Louis Philippe restored it to its ancient splendor, but not for his own use; he made it over to the nation as a museum, where they might go and enjoy themselves, and see all the glories of their country commemorated. Many of the victories of the grande armée were painted to his order to complete the series already decorating the walls. Versailles has retained ever since this national character. Under the Second Empire it was used occasionally for fêtes given to foreign princes; the most magnificent of these was the one prepared for the Queen of England when she visited Napoleon III. after his marriage.

France has undergone many strange vicissitudes, and her palaces have harbored many unlikely guests; but among the strangest on record none can assuredly compete with the recent experiences of Versailles. If the spirit of Louis XIV. be permitted sometimes to haunt the scene of his earthly pride, what must his feelings have been during the last two years!

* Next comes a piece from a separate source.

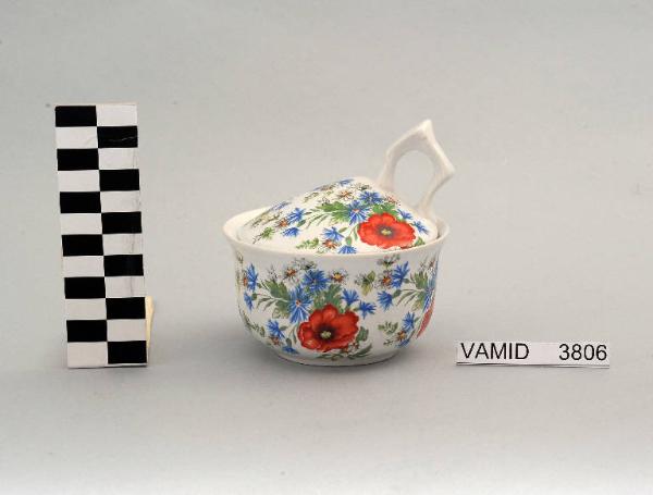 Zuccheriera a sezione poligonale con restringimento in prossimità del piede e bordo superiore leggermente estroflesso; coperchio con manico mistilineo; fondo bianco decorato con bouquets di papaveri e fiori di campo policromi disposti regolarmente all'esterno del recipiente e sul coperchio.
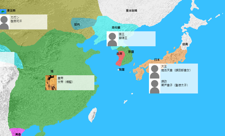 時代を一気に進んで、西暦600年。日本では、聖徳太子が生きていた時代。今だと厩戸王というのでしょうか。中国では唐の年代です。

What did he feel on beholding the halls which had echoed to his conquering step held by the victorious soldiers of Germany, and vacated by them to make way for the President of the French Republic? But this crowning enormity stopped short at the threat. The chambre du roi was indeed placed at the disposal of the President, but whether it was that he shrank from the profanation, or feared the vast proportions of the great king's palace, as likely to prove too large a frame for the representative of a republic, he declined taking up his abode there. Versailles continues still to be the resort of the people and of travellers from all parts of the world.